While PoS mining is more energy efficient than PoW mining, it is not a direct replacement for PoW mining. Each consensus algorithm has unique advantages and disadvantages and achieves different goals for the network.
"PoS consensus may spread claims of being more energy efficient than PoW, but it does not achieve the goals, does not have the capacity, and does not support the goals sought when using blockchain technology. These goals can be summarized as a global solution for data management, a secure, stable, public, license-free, scalable and sustainable system. While PoS may boast sustainable levels of consumption, it completely lacks the security needed for a national public blockchain," Daugherty said.

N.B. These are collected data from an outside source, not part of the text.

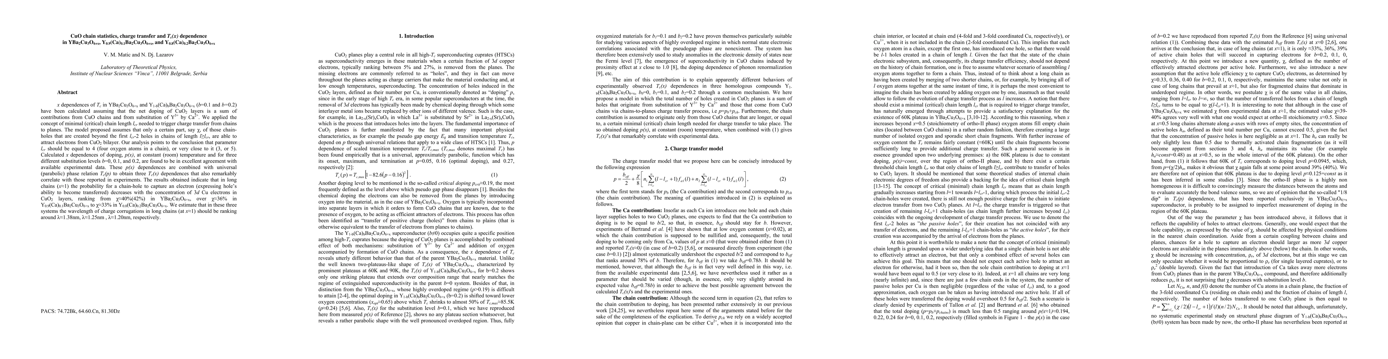 x dependences of Tc in YBa2Cu3O6+x and Y1-b(Ca)bBa2Cu3O6+x (b=0.1 and b=0.2) have been calculated assuming that the net doping of CuO2 layers is a sum of contributions from CuO chains and from substitution of Y3+ by Ca2+. We applied the concept of minimal (critical) chain length lcr needed to trigger charge transfer from chains to planes. The model proposed assumes that only a certain part, say kappa, of those chain-holes that are created beyond the first lcr-2 holes in chains of length l>lcr, are able to attract electrons from CuO2 bilayer. Our analysis points to the conclusion that parameter lcr should be equal to 4 (four oxygen atoms in a chain), or very close to it (3, or 5). Calculated x dependences of doping, p(x), at constant (room) temperature and for three different substitution levels b=0, 0.1, and 0.2, are found to be in excellent agreement with available experimental data. These p(x) dependences are combined with universal (parabolic) phase relation Tc(p) to obtain three Tc(x) dependences that also remarkably correlate with those reported in experiments. The results obtained indicate that in long chains (x=1) the probability for a chain-hole to capture an electron (expressing hole ability to become transferred) decreases with the concentration of 3d Cu electrons in CuO2 layers, ranking from kappa=40%(42%) in YBa2Cu3O6+x, over kappa=36% in Y0.9(Ca)0.1Ba2Cu3O6+x to kappa=33% in Y0.8(Ca)0.2Ba2Cu3O6+x. We estimate that in these three systems the wavelength of charge corrugations in long chains (at x=1) should be ranking around lambda=1.38nm, lambda=1.25nm, lambda=1.20nm, respectively.
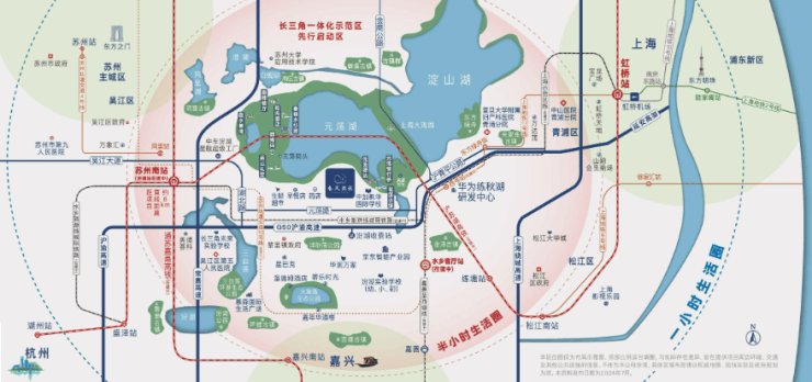 项目地处长三角一体化示范区的核心位置,北依元荡湖生态绿核,南邻水乡客厅生态绿色功能样板区。距离在建的上海示范区线水乡客厅站仅约1.2公里,通车后3站即可直达虹桥枢纽;苏州南站(汾湖站)经沪苏湖高铁、通苏嘉甬高铁,8分钟到松江,20分钟达上海虹桥。此外,社区还提供班车接驳上海地铁17号线东方绿舟站,方便居民出行。对于在上海或苏州工作的购房者来说,这里实现了“工作在上海,生活在湖畔”的理想生活模式。
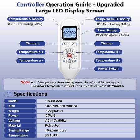 ❤️The heat foot wrap is 86-158℉ temperature adjustable, and 10-90min time setting.
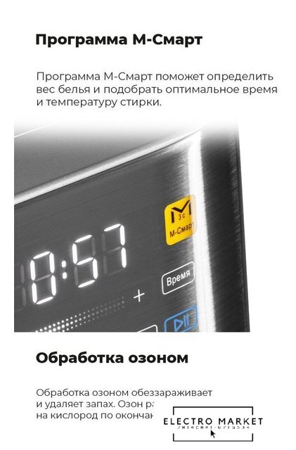 Оригинальные функции | М-Смарт - поможет определить вес белья и подобрать оптимальное время и температуру стирки. |
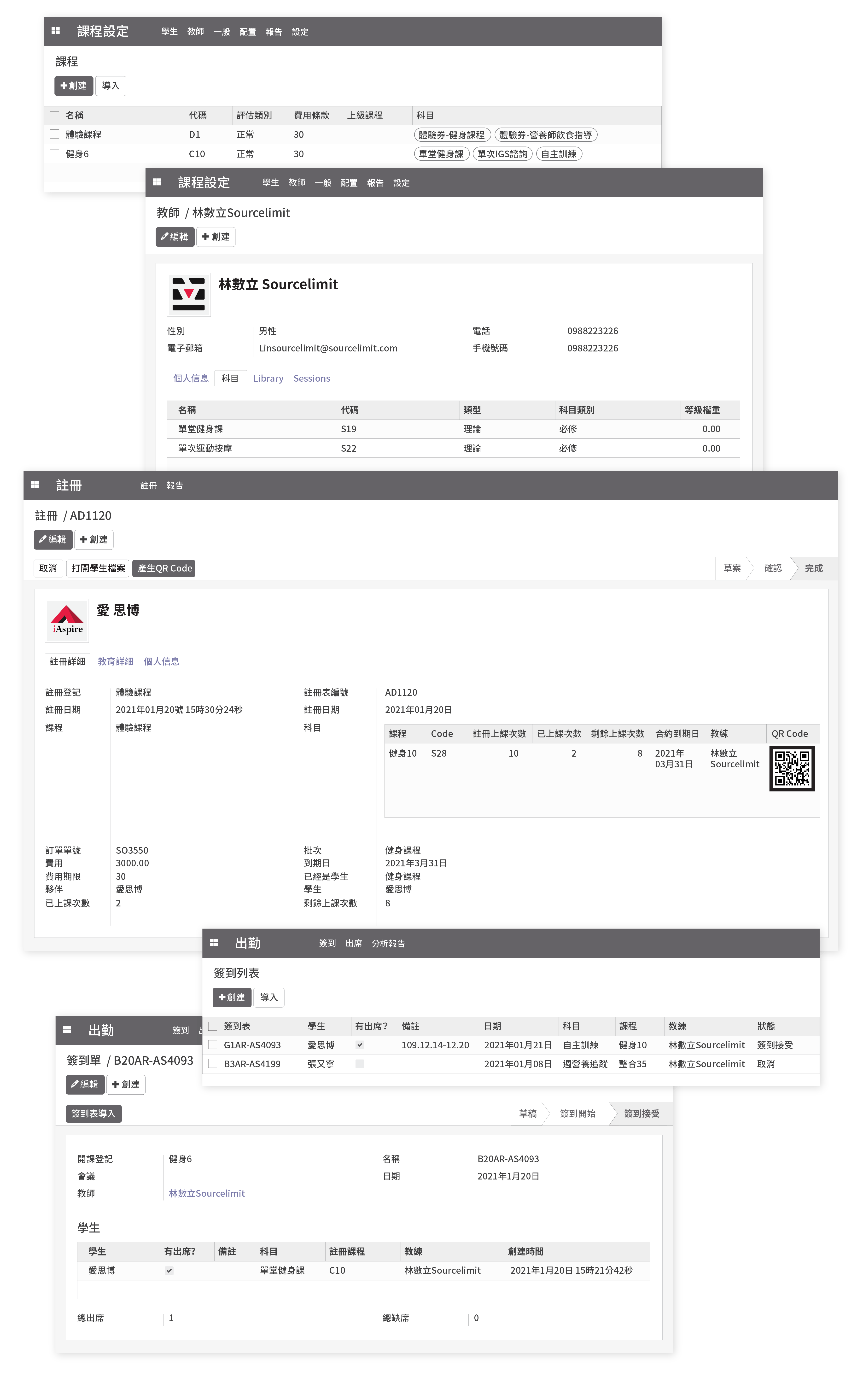 教育系統模組對於同時有課程、教師教練、學員的產業提供全面性的協助,從課程銷售訂單產生、學員註冊到實際授課,都有一站式的詳盡紀錄相互勾稽,讓教師教練或學員隨時查詢剩餘堂數,提升教育服務專業度;搭配專屬課程QR Code,掃碼1秒完成消課,降低行政單位作業時間。當管理者需要分析課程vs教師教練vs學員三方對應關係時,僅需要透過系統報表功能,就可馬上瀏覽不同緯度及⾯向的資訊,提供帳務處理及運營決策的財務數據。
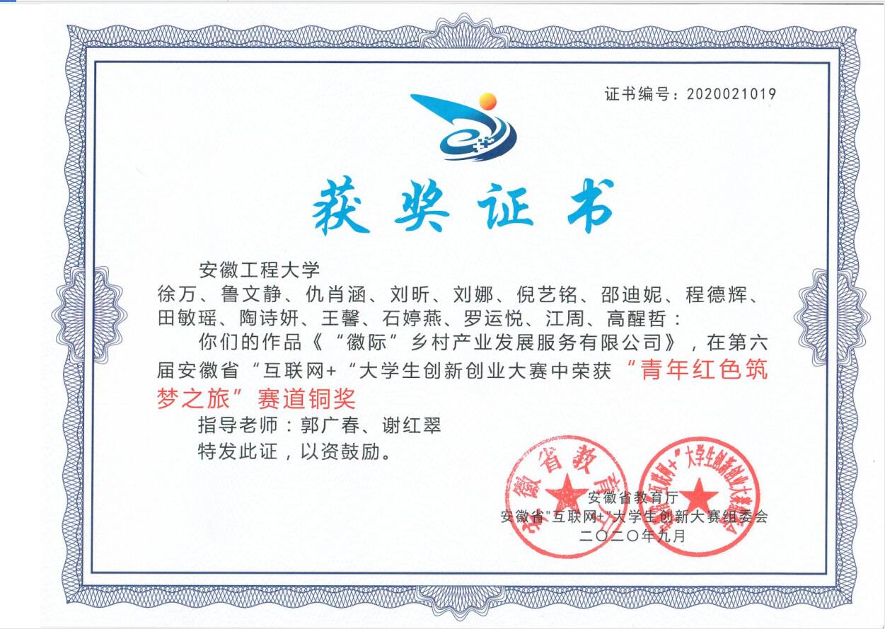第六届安徽省“互联网+”大学生创新创业大赛铜奖

"PoS consensus is reached through a vote of the largest 'stakeholders'. This governance model helps those with the most coin to control the 'truth' and disguise themselves as different entities, while, in effect, making the network vulnerable to Sybil attacks and questionable record keeping."
How to make proof-of-work mining more efficient
When measuring the energy efficiency of proof-of-work mining, analysts typically use BTC as a benchmark. However, using BTC as a standard has led researchers to draw conclusions that do not accurately encapsulate all PoW networks.
"There is a misconception that PoW consensus mechanisms are computationally unscalable and overly energy intensive. This is a salient point for blockchain researchers who use BTC as a PoW benchmark. New independent blockchain energy modeling confirms that block size and throughput have a significant impact on PoW efficiency. BTC block sizes are limited to 1MB and occur on average once every 10 minutes. Having a capped block size limits how many transactions can be included, which has a direct negative impact on its carbon footprint," Daugherty explained.
"In contrast, Bitcoin SV (BSV) is a PoW enterprise blockchain with unlimited blocks and utilities for securely sharing, transmitting, managing, immutably storing, monetizing, validating and leveraging data, enabling more than just "storing" valuable. As a result, the environmental impact of this technology, including its carbon footprint, decreases as utilization and networking increases," he added.
BSV has no block size limit. Each block can hold an unlimited amount of data. Although mining BSV blocks consumes roughly the same amount of energy as mining BTC blocks, more data/value is transferred in each block on BSV, which ultimately makes the BSV network more efficient than the BTC network. In fact, a report published in 202 by the Canadian accounting firm MNP concluded that BSV was the most efficient of the BTC, BCH and BSV groups and predicted that BSV would become even more efficient as usage increased.
Is it feasible to ban workload certification?
Although proof-of-stake mining is an energy-efficient alternative to proof-of-work mining, it achieves a different goal for blockchain networks. It introduces new attack vectors that can prevent enterprises from using the blockchain to search for secure global and sustainable distributed data ledgers.
Even if a country or union were to ban proof-of-work mining, the transition to proof-of-stake would not be as easy as flipping a switch.
"Switching from PoW to PoS requires establishing a pledge protocol and rules and engaging stakeholders. After implementing the PoS algorithm, it requires a hard fork. A validator needs to be set up and ready to run when the fork occurs. It can take many years for a mature blockchain to switch from PoW to PoS," Daugherty said.